Thank you Vladimir looking into it. For these 2 regression, I still see it regressing (one even worse after the revision). Morever, there's one another lbm regression on Zen:
https://lnt.opensuse.org/db_default/v4/SPEC/graph?plot.0=259.477.0&plot.1=29.477.0&

To be honest, we slightly analyzer lbm performance on Zen some time ago and we identified regression which depends on code layout (density of SSE instructions that probably can't fit in a u-op cache, or something similar).

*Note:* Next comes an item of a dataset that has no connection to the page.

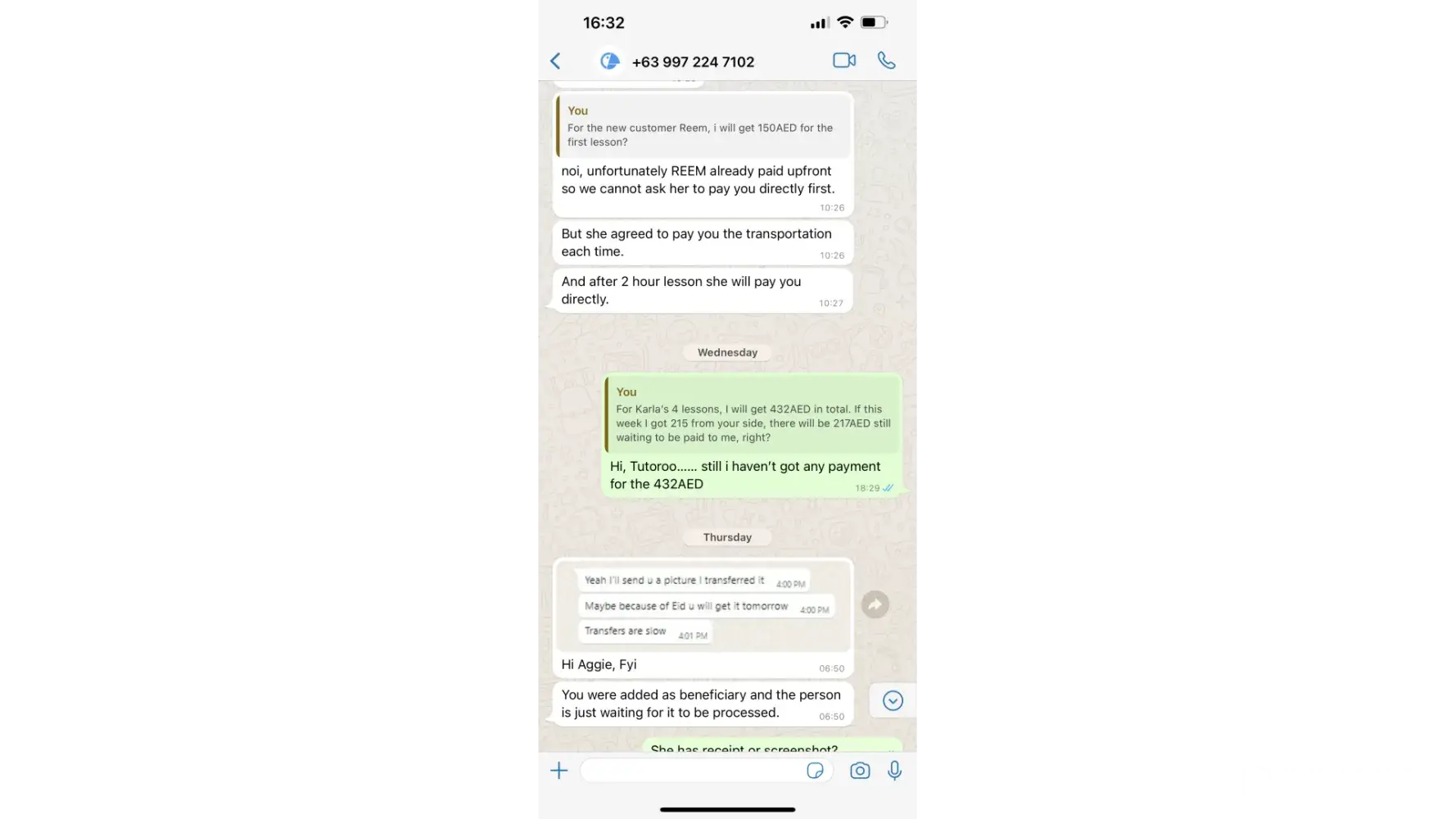 I signed up as a tutor in Tutoroo.co in Dubai, the agreement between me and Tutoroo is that the student will pay for the first 2 weeks to Tutoroo, then in the future lessons, the student pay directly to me; after 2 weeks, if the student decides not to continue the lesson with me, Tutoroo will give 50% refund of the payment to me thru:

Comment 7 Martin Liška 2020-03-11 12:06:18 UTC

commit r10-7093-g5dc1390b41db5c1765e25fd21dad1a930a015aac
Author: Vladimir N. Makarov <vmakarov@redhat.com>
Date:   Mon Mar 9 14:05:09 2020 -0400

    Revert: One more patch for PR93564: Prefer smaller hard regno when we do not honor reg alloc order.
    
    2020-03-09  Vladimir Makarov  <vmakarov@redhat.com>
    
            Revert:
    
            2020-02-28  Vladimir Makarov  <vmakarov@redhat.com>
    
            PR rtl-optimization/93564
            * ira-color.c (assign_hard_reg): Prefer smaller hard regno when we
            do not honor reg alloc order.